Stored items from a collection
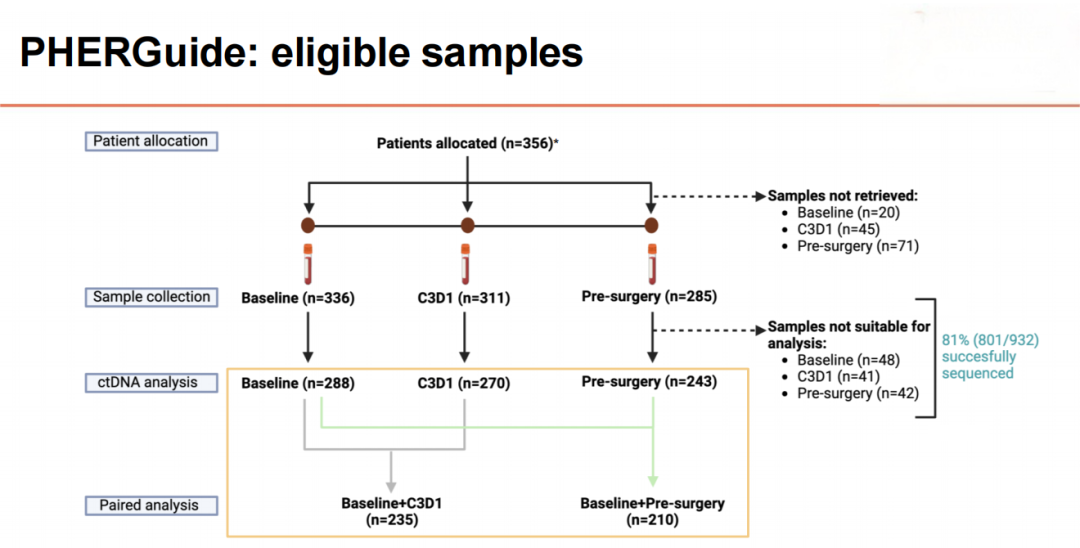 研究方法:在356例随机分组的患者中,A组(标准治疗)63例和B组(适应性治疗)267例接受了手术治疗。PHERGuide亚研究的主要目的是评估所有入组患者中,两个治疗周期后ctDNA清除与pCR(ypT0/is ypN0)之间的相关性。次要目的是评估ctDNA水平与患者预后之间的关联。分别于基线、新辅助治疗第2周期后和术前采集血样。
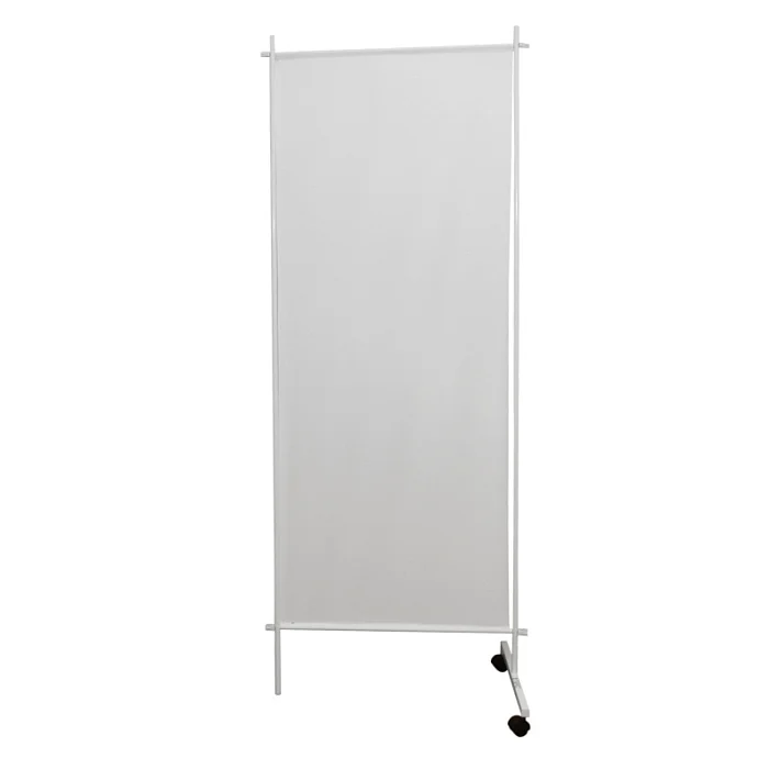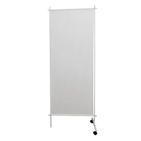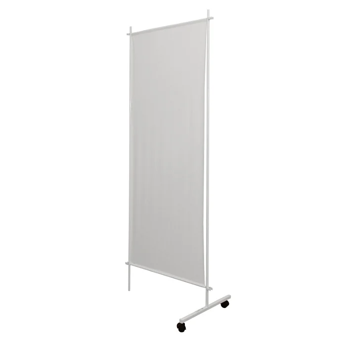 ДЗМО ШП-1/3 представляет собой односекционную ширму. Изделие предназначено для временного отгораживания части помещения для осуществления врачебного осмотра. Для производства каркаса используется стальная круглая в сечении труба, покрытая эпоксидной порошковой краской. Полотнище произведено из ПВХ пленки и легко переносит обработку. Конструкция установлена на одну опору и стойку с мебельными колесами.
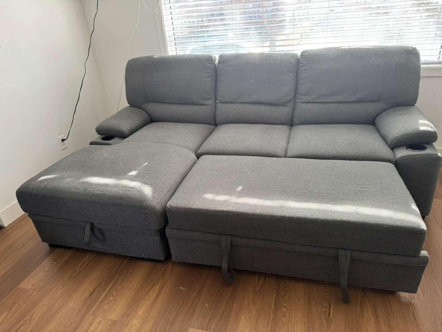 Features pull-out bed, storage ottoman and cup holders.
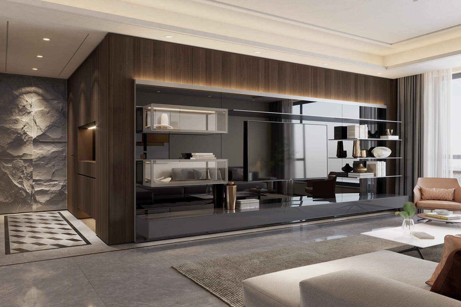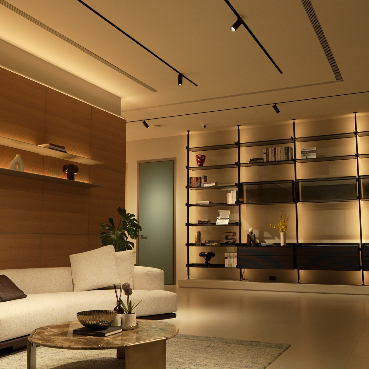 可選配的背光立柱帶來柔和的環境光感,而懸掛式櫃體與全鋁抽屜搭配全拉出緩衝滑軌,在維持輕盈視覺的同時,提供實用的書櫃收納與系統書櫃配置。
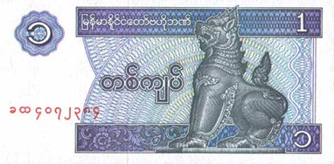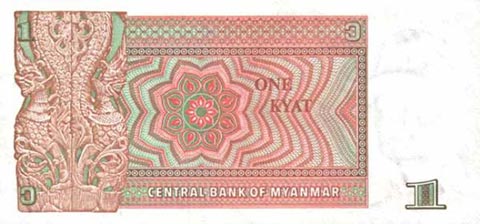 Кьят Мьянма. Купюра номиналом в 1 MMK, реверс.
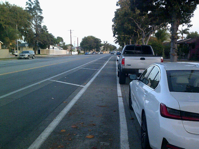 Here's an example. This is right near our house, and these vehicles are parked legally (ie, not too far from the curb), and yet the bike lane was painted to be the door zone, such that if you ride in it, you will eventually hit a door that someone opens just as you're getting there:
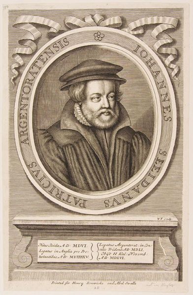 Editor: This is a portrait of Viglius de Lummen a Marck by Crispijn de Passe, created sometime around the late 16th or early 17th century. It's an engraving, and the detail is incredible. I'm struck by the almost ghostly figures in the background. What can you tell me about this piece? Curator: Look closely at the context of the time. The figure, the ghost-like figures, the inscription…what power structures are at play here? The subject's attire and the coat of arms speak to nobility, yet there's a fragility, a vulnerability hinted at by the background figures. Consider how class and religious tensions shaped the era, and whose stories are often left untold in these portrayals. Editor: So, it's not just about depicting an individual, but about unpacking the society they lived in? Curator: Precisely. It's about interrogating the narratives of power and how they are visually constructed and reinforced. Editor: I see it now. Thanks! Curator: It's been a pleasure.
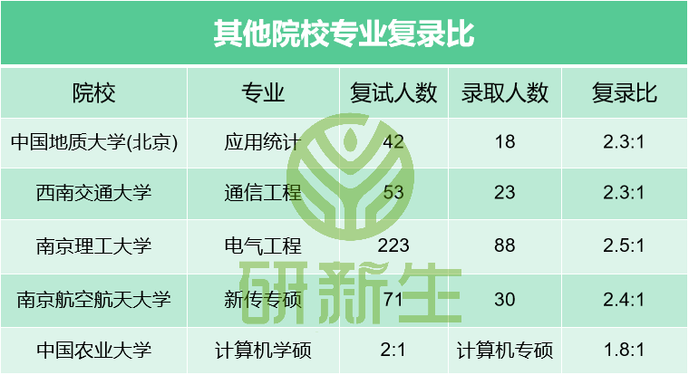 南邮虽然不少专业的复录比都偏高,不过还好没有高到太离谱的程度,大致都在2:1左右,不过这也很高就是了,2个人里面就要淘汰一个。
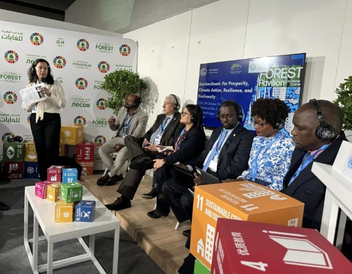 2024年11月19日,国际竹藤组织和《联合国气候变化框架公约》秘书处在《联合国气候变化框架公约》第二十九次缔约方大会(COP29)森林角共同主办“竹子助力促进繁荣、气候行动、恢复力和生物多样性”主题边会。来自六个竹子生产国的高级别政府代表参加边会,并就本国将竹子纳入国家自主贡献(NDCs)和国家适应计划(NAPs)的承诺发表简短声明。边会重点围绕竹子在一系列可持续发展目标行动中的作用展开。
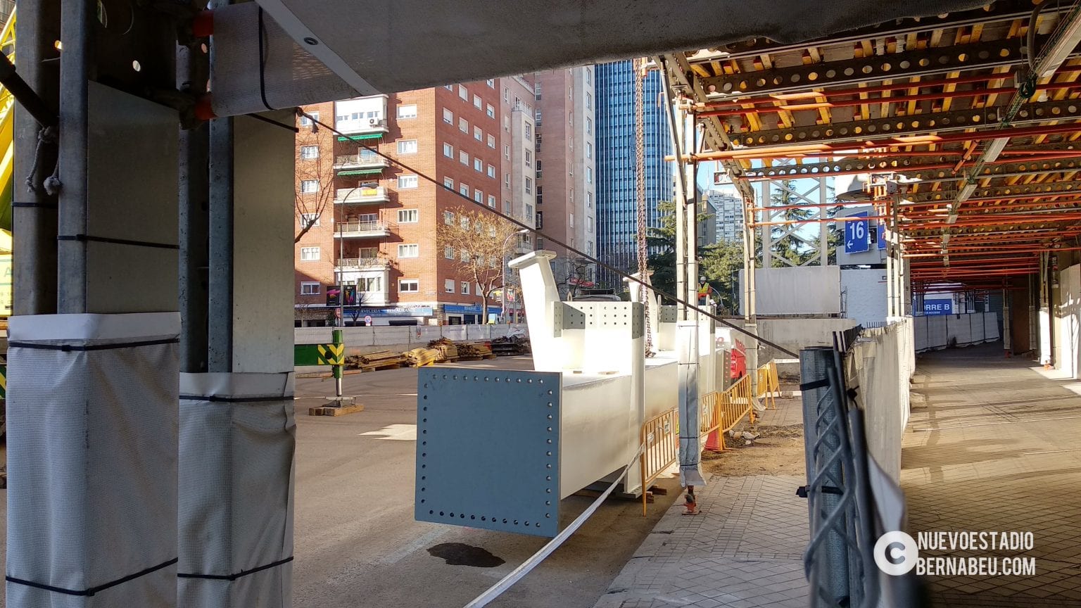 En el Paseo de la Castellana prosigue el montaje de cercha longitudinal sobre la plataforma auxiliar, no habiendo grandes avances en la misma.
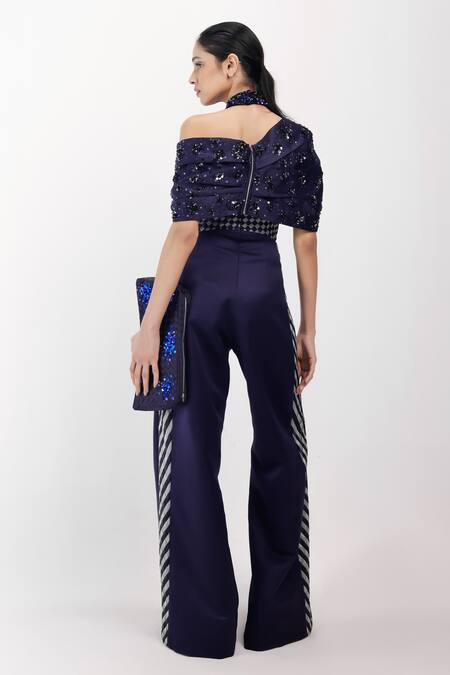 Buy_Siddhant Agrawal_Navy Beads, Embroidery, Sequins Lunar Moss Clutch _at_Aza_Fashions

◆ **What to work on**
Copy the entries above exactly from the line with "En el Paseo" down to their last line, both ends included. Do not copy any pictures.

◆ **Exercise result**
 En el Paseo de la Castellana prosigue el montaje de cercha longitudinal sobre la plataforma auxiliar, no habiendo grandes avances en la misma.
 Buy_Siddhant Agrawal_Navy Beads, Embroidery, Sequins Lunar Moss Clutch _at_Aza_Fashions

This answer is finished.